Your goal → Exclude the pictures, then copy word for word the lines running from the beginning of the records through the line with "Easy build 15".

(Items from a dataset)
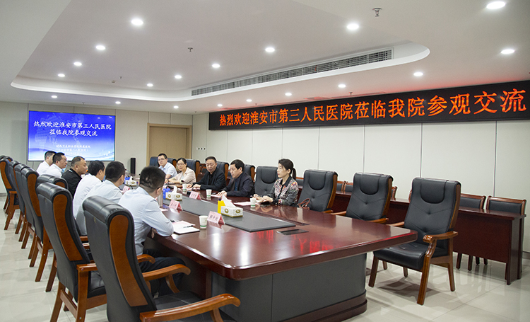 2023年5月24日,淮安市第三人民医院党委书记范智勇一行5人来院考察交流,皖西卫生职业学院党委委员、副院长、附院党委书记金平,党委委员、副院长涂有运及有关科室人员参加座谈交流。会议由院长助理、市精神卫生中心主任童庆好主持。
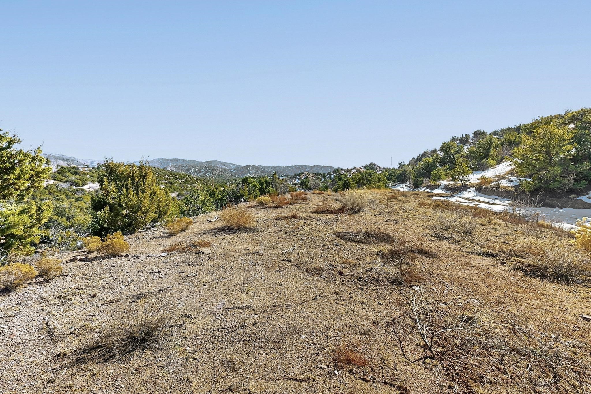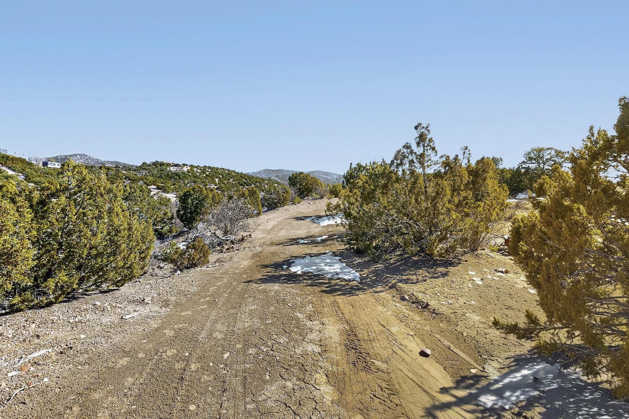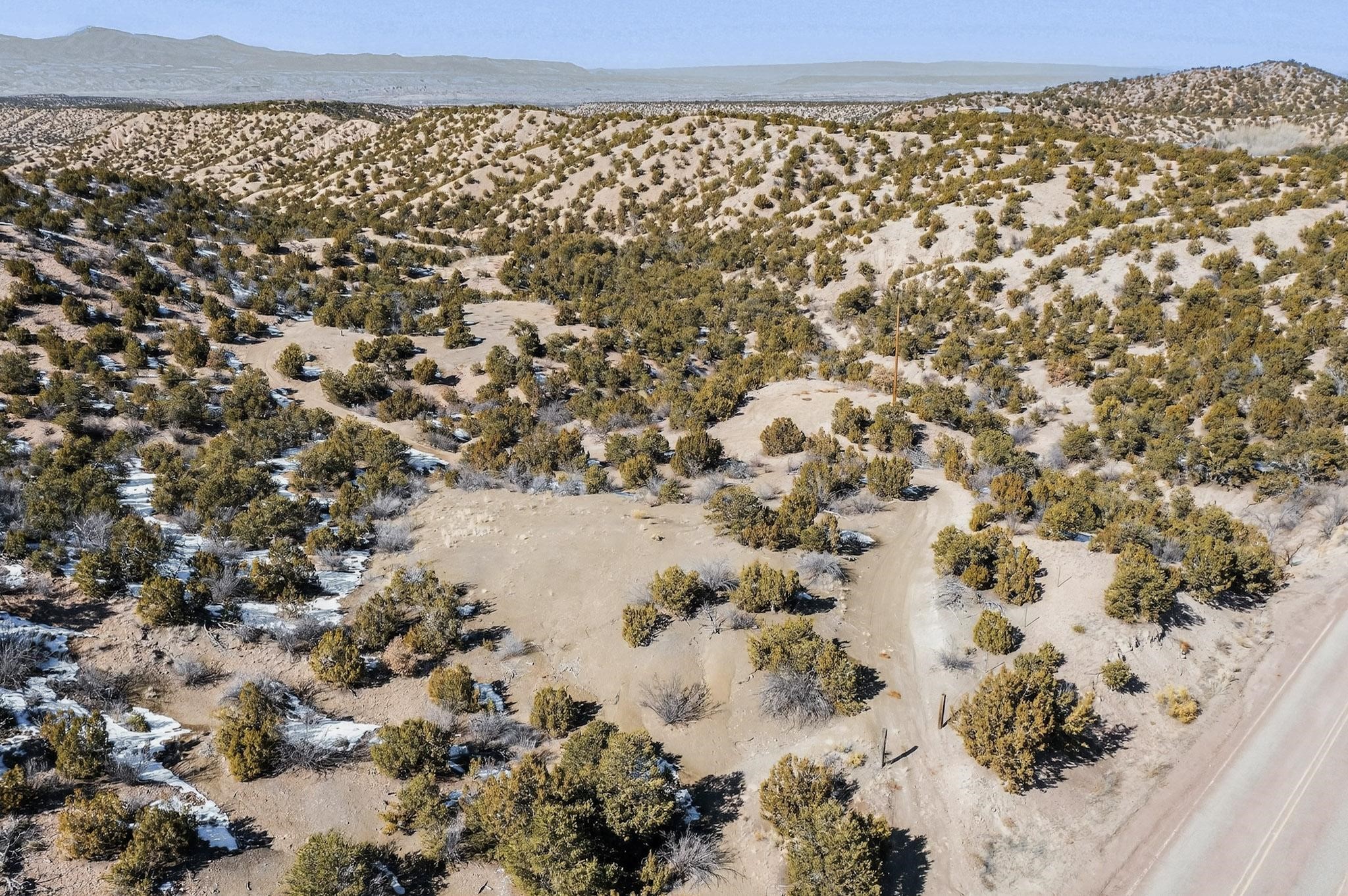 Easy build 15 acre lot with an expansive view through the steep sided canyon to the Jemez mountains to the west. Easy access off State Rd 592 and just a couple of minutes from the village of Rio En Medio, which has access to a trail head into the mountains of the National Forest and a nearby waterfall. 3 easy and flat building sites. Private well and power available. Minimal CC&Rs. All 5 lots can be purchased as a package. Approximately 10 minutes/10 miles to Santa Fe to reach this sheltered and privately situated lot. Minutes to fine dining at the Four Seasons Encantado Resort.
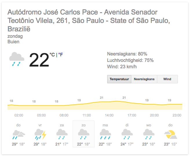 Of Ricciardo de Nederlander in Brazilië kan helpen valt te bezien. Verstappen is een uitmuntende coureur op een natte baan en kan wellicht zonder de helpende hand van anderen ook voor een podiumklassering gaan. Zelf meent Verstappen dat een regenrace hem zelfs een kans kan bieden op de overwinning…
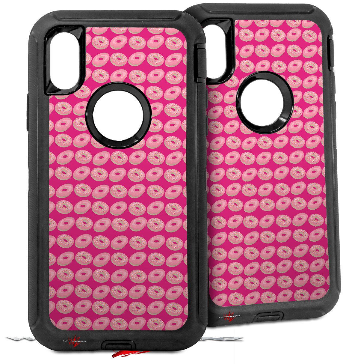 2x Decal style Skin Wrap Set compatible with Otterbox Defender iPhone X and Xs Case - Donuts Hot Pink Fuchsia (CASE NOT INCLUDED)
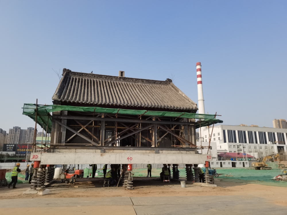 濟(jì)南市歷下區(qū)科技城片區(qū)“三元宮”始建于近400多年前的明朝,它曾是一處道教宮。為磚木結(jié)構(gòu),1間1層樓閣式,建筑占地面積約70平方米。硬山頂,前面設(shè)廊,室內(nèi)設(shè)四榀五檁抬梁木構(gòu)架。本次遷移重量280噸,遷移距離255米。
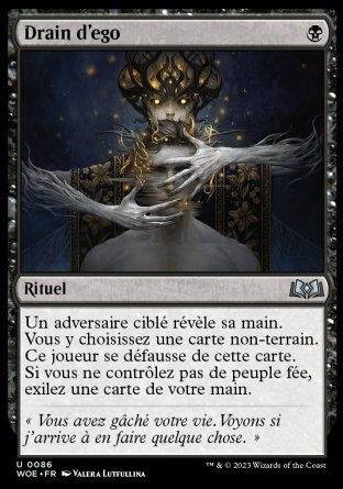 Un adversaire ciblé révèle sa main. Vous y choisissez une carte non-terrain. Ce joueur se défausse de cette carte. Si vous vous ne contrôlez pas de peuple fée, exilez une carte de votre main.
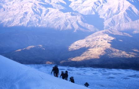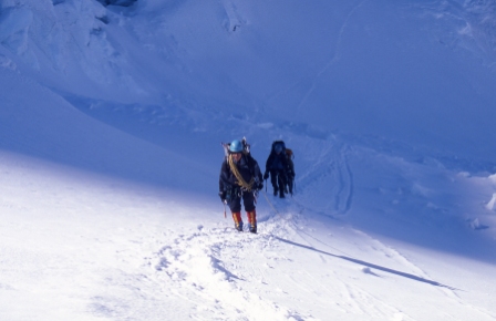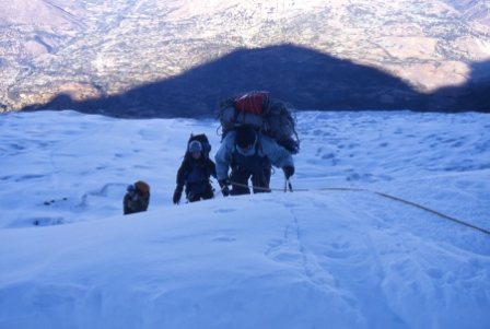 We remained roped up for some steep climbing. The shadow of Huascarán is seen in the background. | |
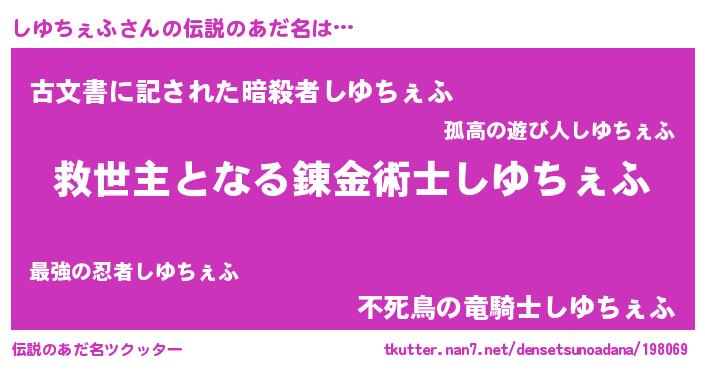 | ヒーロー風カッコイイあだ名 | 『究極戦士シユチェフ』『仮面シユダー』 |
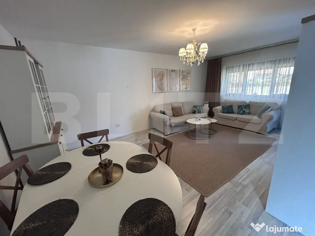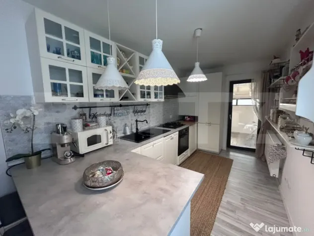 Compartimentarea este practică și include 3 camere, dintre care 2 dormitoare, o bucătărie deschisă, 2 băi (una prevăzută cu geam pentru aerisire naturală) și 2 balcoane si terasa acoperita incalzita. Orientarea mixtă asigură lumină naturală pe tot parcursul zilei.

Result of this task →
 2023年5月24日,淮安市第三人民医院党委书记范智勇一行5人来院考察交流,皖西卫生职业学院党委委员、副院长、附院党委书记金平,党委委员、副院长涂有运及有关科室人员参加座谈交流。会议由院长助理、市精神卫生中心主任童庆好主持。
 Easy build 15 acre lot with an expansive view through the steep sided canyon to the Jemez mountains to the west. Easy access off State Rd 592 and just a couple of minutes from the village of Rio En Medio, which has access to a trail head into the mountains of the National Forest and a nearby waterfall. 3 easy and flat building sites. Private well and power available. Minimal CC&Rs. All 5 lots can be purchased as a package. Approximately 10 minutes/10 miles to Santa Fe to reach this sheltered and privately situated lot. Minutes to fine dining at the Four Seasons Encantado Resort.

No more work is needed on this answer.